### ASSIGNMENT
Up to and including the line holding "Ολόκέντητο Φόρεμα από την Κάσο", write out the data exactly from its first line, but not the pictures.

### PROVIDED MATERIAL
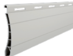
PT 37 Höhe des Profils: 37 mm Breite: 8 mm
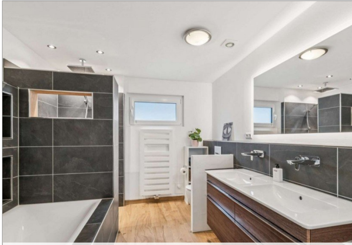
Badezimmer Eppstein Einfamilienhaus (25)
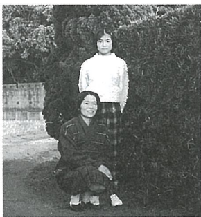
▲4月には6年生になる二女と

末の子という事で親の扱いは緩んでしまったのですが、長女と長男が仕立役になってくれた二女は、4月には6年生。もう母親の背丈を越したのですが、姉や兄に使い走りを強いられてしま
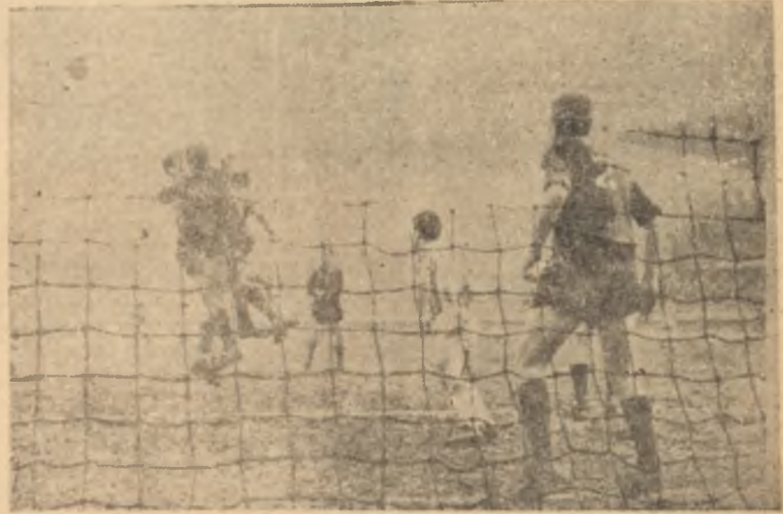
Fenerbahçe - Karagümrük maçı
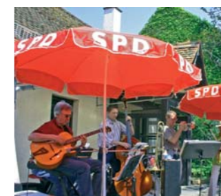
1. Mai Jazz Seite 1
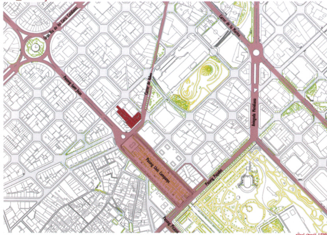
plànol situació 1/5000
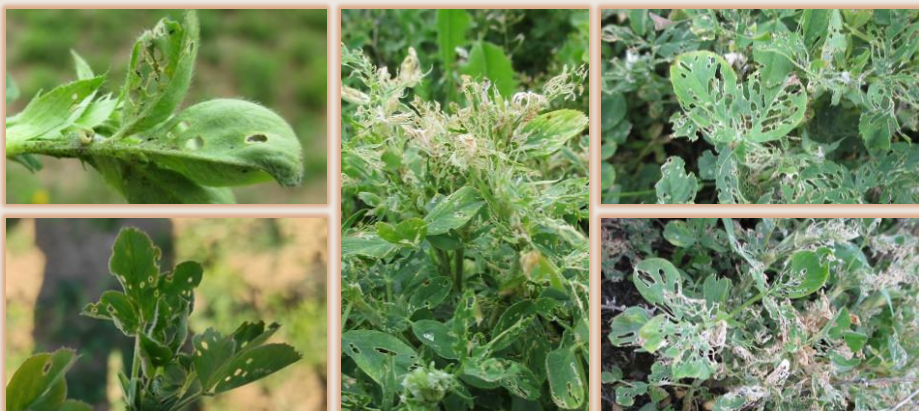
Sintomatología de gusano verde en alfalfa
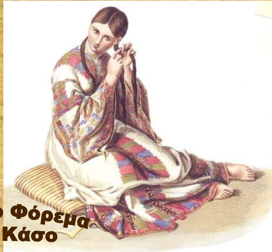
Ολόκέντητο Φόρεμα από την Κάσο
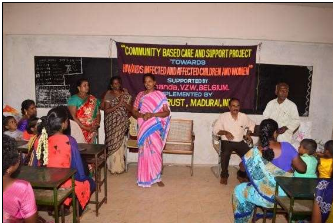
Sensitization to Local Body Leaders by our Project Team
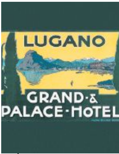
GRANDI ALBERGHI Il più lussuoso, all'epoca, albergo di Lugano

Tra il 1880 e il 1912 s'inaugurarono in Ticino 200 hotel, nemmeno le due guerre riuscirono a fermare il turismo

### WRITTEN ANSWER
PT 37 Höhe des Profils: 37 mm Breite: 8 mm
Badezimmer Eppstein Einfamilienhaus (25)
▲4月には6年生になる二女と

末の子という事で親の扱いは緩んでしまったのですが、長女と長男が仕立役になってくれた二女は、4月には6年生。もう母親の背丈を越したのですが、姉や兄に使い走りを強いられてしま
Fenerbahçe - Karagümrük maçı
1. Mai Jazz Seite 1
plànol situació 1/5000
Sintomatología de gusano verde en alfalfa
Ολόκέντητο Φόρεμα από την Κάσο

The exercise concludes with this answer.